NOTE: there is a C++-backed R package but it has issues compiling on a few platforms and is dependent upon Boost regex. This version is definitely slower but it works on all platforms.

This was briefly on CRAN but the i386 Windows build of it has issues due to the limitations of the v8 engine (not the V8 package) in that environment. So, you’re stuck with a github install until Oliver (and/or I) figure out how to get the C++-backed one working on all platforms.

#What’s Inside The Tin

The following functions are implemented:

  • ua_parse: Parse a vector of user agents into a data frame

#Installation

remotes::install_git("https://git.rud.is/hrbrmstr/uaparserjs.git")
# or
remotes::install_git("https://git.sr.ht/~hrbrmstr/uaparserjs")
# or
remotes::install_gitlab("hrbrmstr/uaparserjs")
# or
remotes::install_bitbucket("hrbrmstr/uaparserjs")
# or
remotes::install_github("hrbrmstr/uaparserjs")

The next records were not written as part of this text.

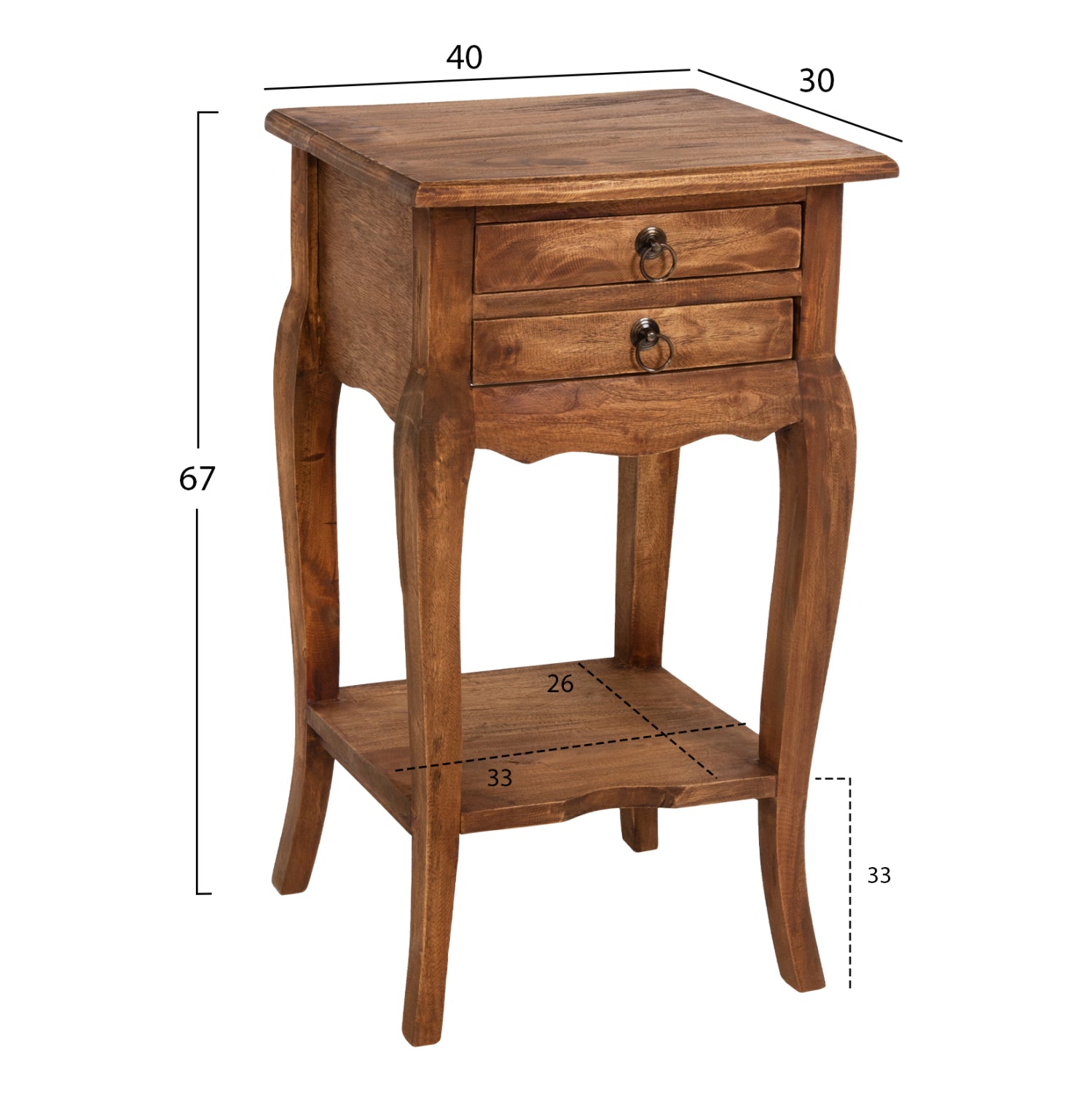 Το ΗΜ7904 είναι ένα όμορφο και πρακτικό βοηθητικό τραπεζάκι. Διαθέτει 2 μικρά συρταράκια με όμορφα χερούλια-κρίκους, ενώ η κάτω επιφάνεια (ραφάκι) είναι ιδιαιτέρως χρήσιμη. Το χρώμα του είναι ΦΥΣΙΚΟ ξύλου και είναι φτιαγμένο από ποιοτικό ξύλο. Οι υπάρχουσες ρωγμές ή αυτές που ενδέχεται να δημιουργηθούν με την πάροδο του χρόνου οφείλονται στην συστολή-διαστολή του ζωντανού οργανισμού που λέγεται μασίφ ξύλο, και δεν αποτελούν κατασκευαστικό ελάττωμα, δίνοντας πρωτοτυπία και μοναδικό design στο χώρο σας. Αυτά δεν αποτελούν ελάττωμα του προϊόντος.
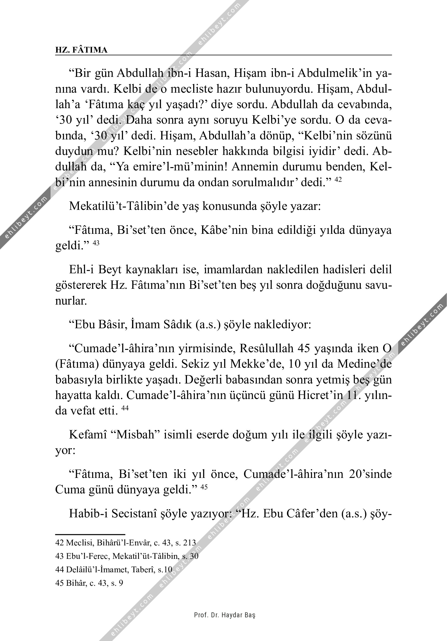 "Bir gün Abdullah ibn-i Hasan, Hişam ibn-i Abdulmelik'in yanına vardı. Kelbi de o mecliste hazır bulunuyordu. Hişam, Abdullah'a `Fâtıma kaç yıl yaşadı?' diye sordu. Abdullah da cevabında, `30 yıl' dedi. Daha sonra aynı soruyu Kelbi'ye sordu. O da cevabında, `30 yıl' dedi. Hişam, Abdullah'a dönüp, "Kelbi'nin sözünü duydun mu? Kelbi'nin nesebler hakkında bilgisi iyidir' dedi. Abdullah da, "Ya emire'l-mü'minin! Annemin durumu benden, Kelbi'nin annesinin durumu da ondan sorulmalıdır' dedi." 42 Mekatilü't-Tâlibin'de yaş konusunda şöyle yazar: "Fâtıma, Bi'set'ten önce, Kâbe'nin bina edildiği yılda dünyaya geldi." 43 Ehl-i Beyt kaynakları ise, imamlardan nakledilen hadisleri delil göstererek Hz. Fâtıma'nın Bi'set'ten beş yıl sonra doğduğunu savunurlar. "Ebu Bâsir, İmam Sâdık (a.s.) şöyle naklediyor: "Cumade'l-âhira'nın yirmisinde, Resûlullah 45 yaşında iken O (Fâtıma) dünyaya geldi. Sekiz yıl Mekke'de, 10 yıl da Medine'de babasıyla birlikte yaşadı. Değerli babasından sonra yetmiş beş gün hayatta kaldı. Cumade'l-âhira'nın üçüncü günü Hicret'in 11. yılında […]
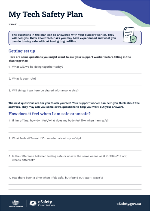 • Ensure you have the informed consent of the child or young person before helping them to fill out ‘My Tech Safety Plan’. This means that the child or young person understands what it is for and how you will use it together. Depending on the age and maturity of the child or young person, you may consider talking about what information you might collect and how it will be stored. You may also need to mention your organisation’s privacy policy.
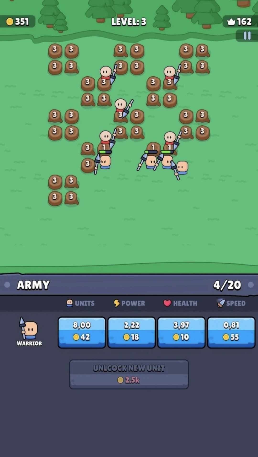 一款新的策略游戏,您必须通过为角色打气,购买更高效的战士,并在全局泵的帮助下发展每个人的特性来战斗,这些可以从一个级别保存到另一个级别。尽可能地通过关卡,尽管这并不容易,任何失败都将不得不重新开始旅程,但是为了获得游戏中的资源,您可以更好地准备和更强大地再次开始旅程,并且一定会打破您之前的记录
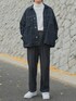 平莉川己夢(コム)のセットアップ「HEAVY OZ WIDE DENIM SET-UP」を使ったコーディネート
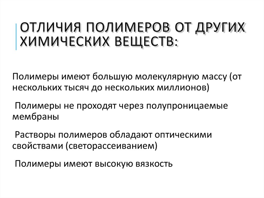 ОТЛИЧИЯ ПОЛИМЕРОВ ОТ ДРУГИХХИМИЧЕСКИХ ВЕЩЕСТВ:
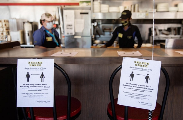 지난 4월 코로나19 여파로 텅빈 미국 조지아주 매디슨의 한 레스토랑 모습. 사진=로이터이미지 확대보기
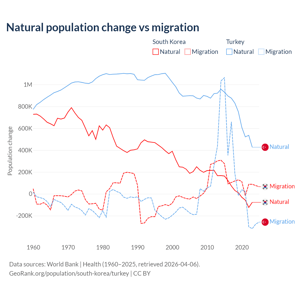 Over the last 10 years, 17.6% of the population change in South Korea is from natural causes (a gain of 277,215 people) and 82.4% is from migration (a gain of 1,298,356 people). In Turkey 73% is from natural causes (a gain of 7,333,352 people) and 27% is from migration (a gain of 2,718,916 people).

NOTE: To use the ‘remotes’ install options you will need to have the {remotes} package installed.

#Usage

library(uaparserjs)

# current verison
packageVersion("uaparserjs")
## [1] '0.3.1'

dplyr::glimpse(ua_parse("Mozilla/5.0 (X11; Linux x86_64) AppleWebKit/535.2 (KHTML, like Gecko) Ubuntu/11.10 Chromium/15.0.874.106 Chrome/15.0.874.106 Safari/535.2"))
## Observations: 1
## Variables: 9
## $ userAgent     <chr> "Mozilla/5.0 (X11; Linux x86_64) AppleWebKit/535.2 (KHTML, like Gecko) Ubuntu/11.10 Chromium/15…
## $ ua.family     <chr> "Chromium"
## $ ua.major      <chr> "15"
## $ ua.minor      <chr> "0"
## $ ua.patch      <chr> "874"
## $ os.family     <chr> "Ubuntu"
## $ os.major      <chr> "11"
## $ os.minor      <chr> "10"
## $ device.family <chr> "Other"

agents <- readLines("tests/agents.txt")

dplyr::glimpse(ua_parse(agents))
## Observations: 1,091
## Variables: 13
## $ userAgent     <chr> "Mozilla/5.0 (Windows; U; en-US) AppleWebKit/531.9 (KHTML, like Gecko) AdobeAIR/2.5.1", "Mozill…
## $ ua.family     <chr> "AdobeAIR", "Amazon Silk", "Amazon Silk", "Amazon Silk", "Amazon Silk", "Amazon Silk", "Android…
## $ ua.major      <chr> "2", "1", "2", "2", "2", "3", "2", "2", "2", "2", "3", "4", "4", "4", "4", "1", "1", "6", "7", …
## $ ua.minor      <chr> "5", "1", "0", "1", "2", "25", "2", "3", "3", "3", "0", "0", "0", "0", "0", NA, NA, "13", "6", …
## $ ua.patch      <chr> "1", "0-80", NA, NA, NA, NA, "2", "3", "4", "5", "1", "3", "3", "3", "4", NA, NA, "13719", "214…
## $ os.family     <chr> "Windows", "Android", "Android", "Android", "Android", "Android", "Android", "Android", "Androi…
## $ device.family <chr> "Other", "Kindle", "Kindle Fire HD", "Kindle Fire", "Kindle Fire HD", "Kindle Fire HD", "HTC De…
## $ device.brand  <chr> NA, "Amazon", "Amazon", "Amazon", "Amazon", "Amazon", "HTC", "HTC", "Amazon", "Tecno", "Samsung…
## $ device.model  <chr> NA, "Kindle", "Kindle Fire HD 7\"", "Kindle Fire", "Kindle Fire HD 7\"", "Kindle Fire HD 7\"", …
## $ os.major      <chr> NA, NA, NA, NA, NA, "4", "2", "2", "2", "2", "3", "4", "4", "4", "4", "7", "7", "XP", "8", "4",…
## $ os.minor      <chr> NA, NA, NA, NA, NA, "0", "2", "3", "3", "3", "0", "0", "0", "0", "0", NA, NA, NA, NA, "1", "0",…
## $ os.patch      <chr> NA, NA, NA, NA, NA, "3", "2", "3", "4", "5", "1", "3", "3", "3", "4", NA, NA, NA, NA, "1", "6",…
## $ os.patchMinor <chr> NA, NA, NA, NA, NA, NA, NA, NA, NA, NA, NA, NA, NA, NA, NA, NA, NA, NA, NA, NA, NA, NA, NA, NA,…

set.seed(100)
batch_100 <- sample(agents, 100)
microbenchmark::microbenchmark(
  ua_parse(batch_100)
)
## Unit: milliseconds
##                 expr      min      lq     mean   median       uq      max neval
##  ua_parse(batch_100) 19.44652 20.2158 21.42222 20.66315 22.56606 31.78299   100

#uaparserjs Metrics

Lang # Files (%) LoC (%) Blank lines (%) # Lines (%)
R 6 0.86 202 0.93 94 0.81 125 0.81
Rmd 1 0.14 16 0.07 22 0.19 30 0.19

#Code of Conduct

Please note that this project is released with a Contributor Code of Conduct. By participating in this project you agree to abide by its terms.